Only Angels Have Wings. 1939. USA. Directed by Howard Hawks. Screenplay by Jules Furthman, based on a story by Howard Hawks. With Cary Grant, Jean Arthur, Richard Barthelmess, Rita Hayworth. 121 min.
In this definitive aviation drama, Howard Hawks achieves the point of equilibrium in his directorial evolution. The themes Hawks developed throughout the 1930s crystallize with perfect clarity and expressive mastery, not yet exhibiting the darker preoccupations that would haunt his films of the 1940s and 1950s.
Set in the fictional South American port of Barranca, the narrative follows a close-knit group of American mail pilots navigating treacherous Andean fog. Cary Grant's performance as the laconic Geoff Carter reveals largely unexplored dimensions of his screen persona---stoic, harsh, emotionally guarded. The film's tensions intensify with the arrival of entertainer Bonnie Lee (Jean Arthur) and disgraced pilot Bat MacPherson (Richard Barthelmess) with his wife Judy (Hayworth in her breakthrough role).
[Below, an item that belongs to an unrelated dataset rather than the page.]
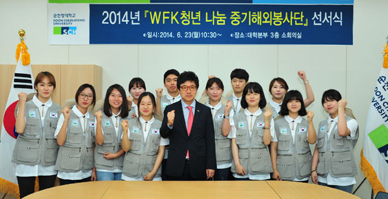 ¼øÃµÇâ´ëÇб³(ÃÑÀå ¼±³ÀÏ)´Â ÀçÇлý 12¸íÀÌ ±³À°ºÎÀÇ ´ëÇлý ÇØ¿Ü ºÀ»ç»ç¾÷À» ÁÖ°üÇÏ´Â ´ë»çÇù(Çѱ¹´ëÇлçȸºÀ»çÇùÀÇȸ)À¸·ÎºÎÅÍ ¡®2014 WFK û³â Áß±âÇØ¿ÜºÀ»ç´Ü¡¯¿¡ ¼±¹ßµÅ 6¿ù 23ÀÏ ¿ÀÀü ±³³»¿¡¼ ¼±¼½ÄÀ» °®°í º»°ÝÀûÀ¸·Î ÇØ¿ÜºÀ»ç¿¡ ÇÊ¿äÇÑ ¼Ò¾ç°ú Àü¹®±³À°¿¡ µ¹ÀÔÇß´Ù°í ¹àÇû´Ù.

Hawks distills weeks of narrative into twenty-four hours with remarkable economy, expressing through composition, objects, and gesture what lesser filmmakers would render with obvious sentiment. His technical virtuosity serves profound philosophical concerns: the integration of individuals into the group, the stoic denial of death (exemplified in the famous "Who's Joe?" exchange), and the existential affirmation of identity against an indifferent universe---qualities that led Robin Wood to justifiably term this "a completely achieved masterpiece."